Now let’s pass invalid JSON:

SELECT json_valid('{"name": "Bruno", 36}');

Output:

false

We got false because the document is not valid JSON. In this case I removed "age:" from the document, and so the value 36 no longer has a field to belong to.

Passing a String

The json_valid() function also accepts varchar values (whether or not they resemble a JSON document). Obviously, if it’s not valid JSON, then it will return false:

SELECT json_valid('Bruno');

Output:

false

But it’s possible that we could provide a varchar value that does resemble a well-formed JSON document, and in that case we’ll get a pass. This could happen if we extract nested JSON from a JSON document using a function like json_extract_string(), which returns its result as varchar:

SET VARIABLE json_doc = '{
    "name": "Flex Jackson",
    "age": 32,
    "contact": {
        "email": "[email protected]",
        "phone": "555-1234"
    },
    "tags": ["developer", "premium"]
}';
SELECT 
    json_extract_string(getvariable('json_doc'), '$.contact') AS contact,
    typeof(json_extract_string(getvariable('json_doc'), '$.contact')) AS typeof,
    json_valid(json_extract_string(getvariable('json_doc'), '$.contact')) AS is_valid;

Output:

+-------------------------------------------------+---------+----------+
| contact | typeof | is_valid |
+-------------------------------------------------+---------+----------+
| {"email":"[email protected]","phone":"555-1234"} | VARCHAR | true |
+-------------------------------------------------+---------+----------+

Here, I used the typeof() function to check the return type, and it confirmed that it’s varchar. The json_valid() function returned true anyway, as it accepts varchar when checking JSON validity.

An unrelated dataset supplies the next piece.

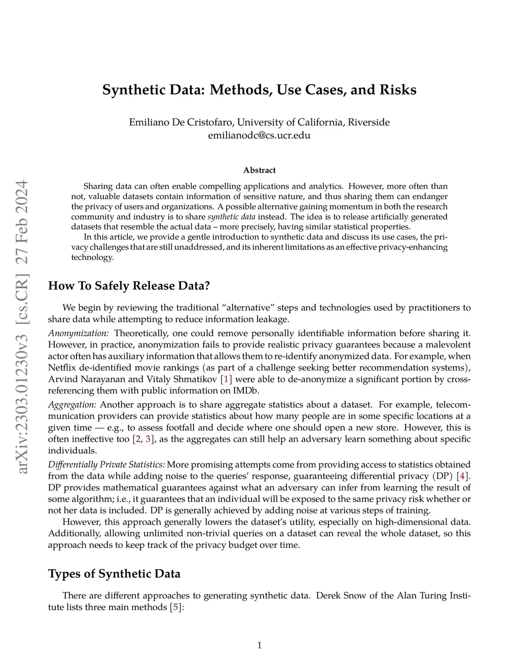 Synthetic Data: Methods, Use Cases, and Risks

We’ll get the same result if we check the tags:

SET VARIABLE json_doc = '{
    "name": "Flex Jackson",
    "age": 32,
    "contact": {
        "email": "[email protected]",
        "phone": "555-1234"
    },
    "tags": ["developer", "premium"]
}';
SELECT 
    json_extract_string(getvariable('json_doc'), '$.tags') AS tags,
    typeof(json_extract_string(getvariable('json_doc'), '$.tags')) AS typeof,
    json_valid(json_extract_string(getvariable('json_doc'), '$.tags')) AS is_valid;

Output:

+-------------------------+---------+----------+
| tags | typeof | is_valid |
+-------------------------+---------+----------+
| ["developer","premium"] | VARCHAR | true |
+-------------------------+---------+----------+

What if the Value Doesn’t Resemble JSON?

It’s quite possible to get a positive result even if the value doesn’t actually resemble a JSON document. If the value uses the JSON data type, then its considered valid JSON. But if it doesn’t use the JSON type, then it will not be considered valid JSON.

We can demonstrate this by comparing the results we get when using json_extract() verses json_extract_string(). Let’s extract the email address. First we’ll use json_extract_string(), and then we’ll use json_extract().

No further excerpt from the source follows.